→ Your assignment
Once you have located the line containing "Крепко помогал ей" in the material below, return it exactly along with each line after it through the line containing "Команда обсуждает проект в Office Creative".

→ Material to process
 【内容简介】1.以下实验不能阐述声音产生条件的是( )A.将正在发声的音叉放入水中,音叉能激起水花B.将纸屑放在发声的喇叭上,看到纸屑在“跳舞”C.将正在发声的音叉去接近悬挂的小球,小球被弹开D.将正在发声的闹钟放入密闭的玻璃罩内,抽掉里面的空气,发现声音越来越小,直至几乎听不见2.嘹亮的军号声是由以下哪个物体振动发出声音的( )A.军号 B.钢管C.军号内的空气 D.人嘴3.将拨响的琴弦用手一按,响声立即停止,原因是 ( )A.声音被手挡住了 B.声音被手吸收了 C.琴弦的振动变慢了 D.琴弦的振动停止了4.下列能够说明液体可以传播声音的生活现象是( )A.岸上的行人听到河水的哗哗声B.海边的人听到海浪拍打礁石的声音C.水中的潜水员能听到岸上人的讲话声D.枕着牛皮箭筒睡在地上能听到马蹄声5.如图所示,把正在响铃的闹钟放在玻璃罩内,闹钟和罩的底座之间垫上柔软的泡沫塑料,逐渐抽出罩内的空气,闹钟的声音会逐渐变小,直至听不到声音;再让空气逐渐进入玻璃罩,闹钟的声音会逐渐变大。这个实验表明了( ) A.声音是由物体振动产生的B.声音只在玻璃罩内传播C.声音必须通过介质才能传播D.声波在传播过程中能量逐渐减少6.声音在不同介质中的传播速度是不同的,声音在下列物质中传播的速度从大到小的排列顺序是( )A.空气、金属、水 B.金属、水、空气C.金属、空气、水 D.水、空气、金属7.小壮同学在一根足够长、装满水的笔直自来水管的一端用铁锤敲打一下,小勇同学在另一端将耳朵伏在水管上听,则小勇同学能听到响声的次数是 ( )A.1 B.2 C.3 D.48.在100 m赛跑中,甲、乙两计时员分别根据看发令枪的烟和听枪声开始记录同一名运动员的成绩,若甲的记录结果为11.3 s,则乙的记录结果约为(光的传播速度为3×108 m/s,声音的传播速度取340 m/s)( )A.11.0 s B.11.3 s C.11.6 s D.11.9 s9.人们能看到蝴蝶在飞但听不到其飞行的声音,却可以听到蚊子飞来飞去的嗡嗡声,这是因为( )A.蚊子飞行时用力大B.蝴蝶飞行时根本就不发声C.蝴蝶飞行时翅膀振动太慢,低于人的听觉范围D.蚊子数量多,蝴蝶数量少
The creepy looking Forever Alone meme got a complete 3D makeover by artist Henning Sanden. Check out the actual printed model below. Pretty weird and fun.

---

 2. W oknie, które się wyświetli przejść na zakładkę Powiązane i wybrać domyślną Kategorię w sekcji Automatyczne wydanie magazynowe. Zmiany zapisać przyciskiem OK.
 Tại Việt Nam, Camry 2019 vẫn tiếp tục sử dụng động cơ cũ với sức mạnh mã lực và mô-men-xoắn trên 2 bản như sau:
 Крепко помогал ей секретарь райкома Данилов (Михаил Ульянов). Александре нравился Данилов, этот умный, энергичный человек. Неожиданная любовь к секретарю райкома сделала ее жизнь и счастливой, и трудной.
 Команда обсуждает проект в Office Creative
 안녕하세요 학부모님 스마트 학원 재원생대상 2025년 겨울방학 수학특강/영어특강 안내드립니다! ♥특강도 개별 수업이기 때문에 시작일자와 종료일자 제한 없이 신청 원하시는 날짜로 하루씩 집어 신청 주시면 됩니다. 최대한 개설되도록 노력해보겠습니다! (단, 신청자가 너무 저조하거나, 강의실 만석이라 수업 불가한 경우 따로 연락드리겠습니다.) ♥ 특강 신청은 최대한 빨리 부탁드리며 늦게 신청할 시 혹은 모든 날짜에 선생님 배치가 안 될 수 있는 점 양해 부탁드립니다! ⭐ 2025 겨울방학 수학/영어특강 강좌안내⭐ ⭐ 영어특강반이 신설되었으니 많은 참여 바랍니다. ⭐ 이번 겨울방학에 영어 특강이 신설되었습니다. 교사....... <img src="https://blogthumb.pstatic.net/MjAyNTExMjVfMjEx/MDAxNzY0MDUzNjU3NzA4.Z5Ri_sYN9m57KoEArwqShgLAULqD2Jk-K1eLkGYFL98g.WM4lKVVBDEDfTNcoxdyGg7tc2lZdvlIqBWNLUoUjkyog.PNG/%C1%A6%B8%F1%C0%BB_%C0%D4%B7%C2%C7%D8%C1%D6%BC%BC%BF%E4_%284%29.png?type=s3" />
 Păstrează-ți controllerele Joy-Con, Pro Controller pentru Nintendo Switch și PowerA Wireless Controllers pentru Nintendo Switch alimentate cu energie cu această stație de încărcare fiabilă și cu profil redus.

→ Completed exercise
 Крепко помогал ей секретарь райкома Данилов (Михаил Ульянов). Александре нравился Данилов, этот умный, энергичный человек. Неожиданная любовь к секретарю райкома сделала ее жизнь и счастливой, и трудной.
 Команда обсуждает проект в Office Creative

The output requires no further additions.